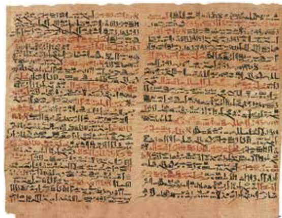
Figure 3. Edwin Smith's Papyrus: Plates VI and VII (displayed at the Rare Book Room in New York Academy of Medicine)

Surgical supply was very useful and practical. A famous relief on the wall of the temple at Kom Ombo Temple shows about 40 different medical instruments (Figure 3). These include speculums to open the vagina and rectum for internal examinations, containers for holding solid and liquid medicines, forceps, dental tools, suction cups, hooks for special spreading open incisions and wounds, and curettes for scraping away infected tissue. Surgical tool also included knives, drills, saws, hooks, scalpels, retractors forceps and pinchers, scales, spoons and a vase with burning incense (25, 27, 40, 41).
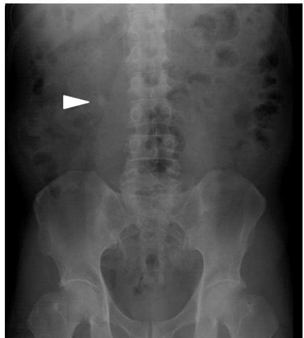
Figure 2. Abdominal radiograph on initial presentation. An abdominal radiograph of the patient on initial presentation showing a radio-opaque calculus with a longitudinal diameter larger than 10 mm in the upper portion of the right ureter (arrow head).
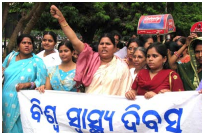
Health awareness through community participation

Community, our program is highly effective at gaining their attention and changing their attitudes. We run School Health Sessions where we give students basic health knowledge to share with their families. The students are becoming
------
# Task description:
Please repeat the listing precisely, excluding the pictures it contains.

# Response to the exercise:
Figure 3. Edwin Smith's Papyrus: Plates VI and VII (displayed at the Rare Book Room in New York Academy of Medicine)

Surgical supply was very useful and practical. A famous relief on the wall of the temple at Kom Ombo Temple shows about 40 different medical instruments (Figure 3). These include speculums to open the vagina and rectum for internal examinations, containers for holding solid and liquid medicines, forceps, dental tools, suction cups, hooks for special spreading open incisions and wounds, and curettes for scraping away infected tissue. Surgical tool also included knives, drills, saws, hooks, scalpels, retractors forceps and pinchers, scales, spoons and a vase with burning incense (25, 27, 40, 41).
Figure 2. Abdominal radiograph on initial presentation. An abdominal radiograph of the patient on initial presentation showing a radio-opaque calculus with a longitudinal diameter larger than 10 mm in the upper portion of the right ureter (arrow head).
Health awareness through community participation

Community, our program is highly effective at gaining their attention and changing their attitudes. We run School Health Sessions where we give students basic health knowledge to share with their families. The students are becoming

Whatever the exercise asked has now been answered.